Invading the Warren of the Murder Diggers

Crumbling Epoch NameplateI had two players show up to invade the Warren of the Murder Diggers. I gave them a crash-course on the rules, and they made a stonish (blended with a stone elemental) and a blooded (tiefling). I made a floish (blended with a water elemental.)

I was concerned our whole session would crash and burn; the very first chamber we poked our noses into had five massive spiders that totally outclassed our party. We tried to run, and they denied our movement. My character was killed straightaway, the stonish escaped, and the blooded provided a spicy snack.

No experience. No treasure. One survivor. Odds were not looking good that my “strip D&D” efforts had made a less lethal game. But they gamely cowboyed up and tried again; we erased the names on the top of the dead characters’ sheets and put on new ones, and headed out again, in the finest first level tradition.

The story began to grow around the random results in the second adventure, as it is supposed to do. We found a corpse that died in a brutal battle, surrounded by silver dust; put up enough of a fight the badgerclaws did not disturb it, even in death. It was the corpse of a heroic adventurer, with magic armor and sword, along with a chest of gold!

We ran across that more than once (treasure options 19 and 20 should not roll together often!) We decided the queen sent her templar to hide some of the treasury, and the murder diggers sorted them out. Our treasury now…

I was the only one whose character died twice in the session, which was fine with me. The second guy died when we charged an anthropomorphic badger man with a bunch of big wicker baskets; everyone evaded the pit trap but me, and a 40 foot deep shaft is a killer. That left only two of them to deal with the badger claw and 5 huge rattlesnakes! They totally kicked his butt.

We found a couple sacks that you can put on your head that allow you to see 30 feet in the dark–that was handy. And two swords that were +1 and glowed like a torch, so we didn’t have to track light as a resource.

In an early burrow, we ran into a special, with a knot of murder diggers guarding prisoners. We were not even close to tough enough to tackle that, so we threw flaming  oil down in the burrow entry to deter pursuit, and ran to another part of the burrow. They didn’t follow.

We found a deep hog skull with a map scrimshawed on it, and a collector’s coin collection, chests of gold stuffed into shallow alcoves in the wall, a nugget of platinum, an adventurer’s corpse with a snake coiled up on it (gear intact), a dead wizard stuffed into the wall with his body used to hide the light of a continual light torch…
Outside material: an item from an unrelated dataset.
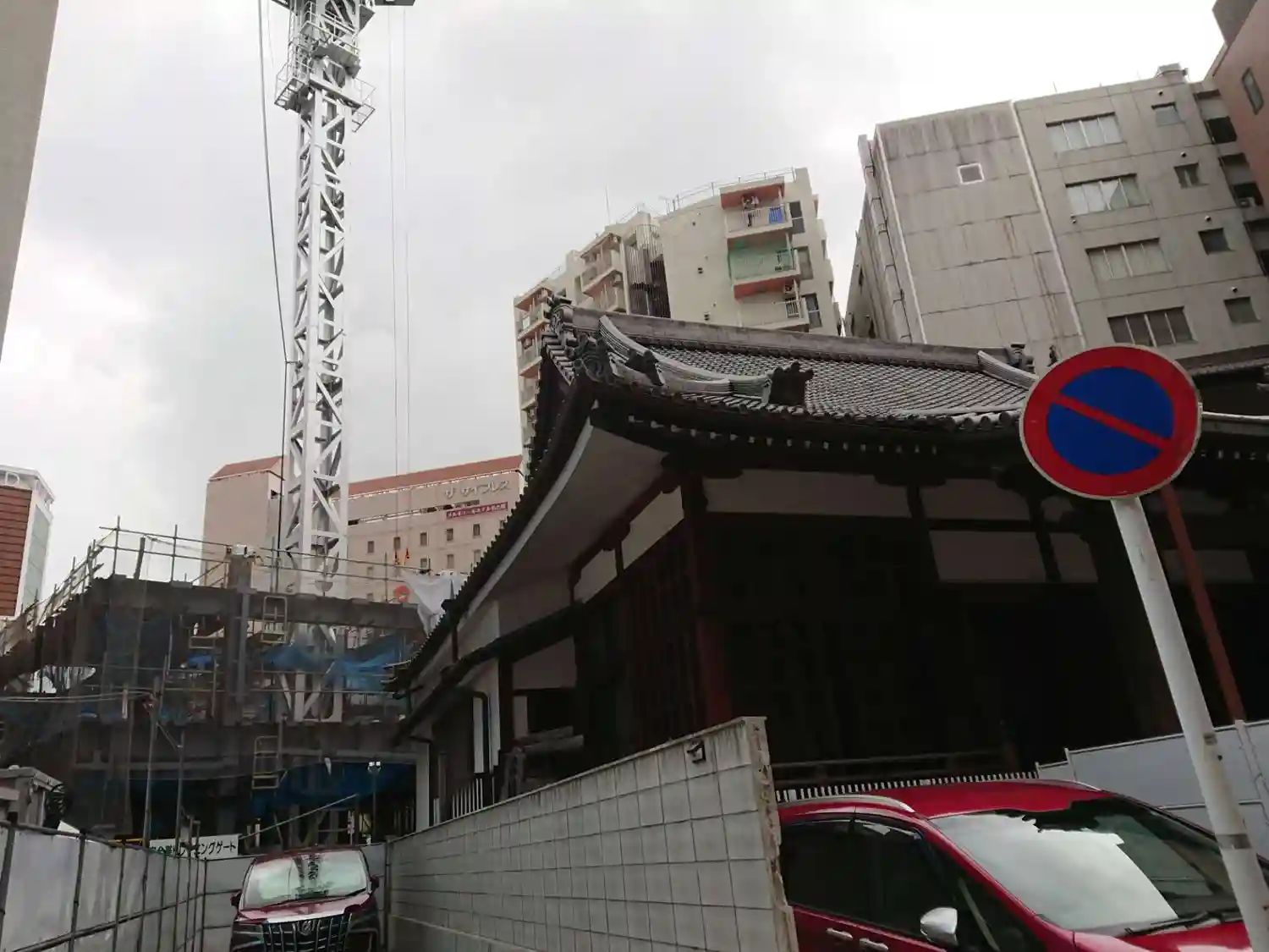 名駅のすぐ前に寺があるんですね。工事中です。

I delegated the dice rolling room generation responsibilities. Even though this sort of adventure is really not what my wife enjoys playing, she joined in to be sociable.

Michael did the mapping. Kristy rolled 2d6 to determine room dimensions for him. Scott rolled for how many exits. I rolled for treasure and monsters, and roughly interpreted and decided what the bad guys did.

You can turn the mapping into an artistic endeavor of winding burrows and fanciful embroidery–but you don’t have to. Michael drew the map as a series of rectangles, and that worked just fine for connecting doorways and generally navigating the burrow.

Carousing was a hit! The group can carouse individually, or as a group, and they partied as a group, accepting the expense and sharing out the little experience bonus. That’s also how they recruited more adventurers; Kristy’s shaedish (blended with element of shadow) and my fighter, Pubert, who was a real ass-kicker (you can call him “Bert” if his name makes you uncomfortable.)

By the end of 4 hours (including the orientation and character generation) we had 2 characters about 1 successful raid away from 3rd level, and 1 who was 2nd level, and poor Pubert, who was still first.

The system needs sanding, smoothing. It will likely ALWAYS need sanding and smoothing. Regrettably, this is only the second time I’ve played it in its current form, so stuff comes up I have not thought of. This does not reflect poorly on me unless I refuse to tinker to address these questions. Maybe a Q&A is the best way, rather than filling out the rules with interpretations.

Anyway, I got to play Crumbling Epoch on Father’s Day weekend. That is wonderful.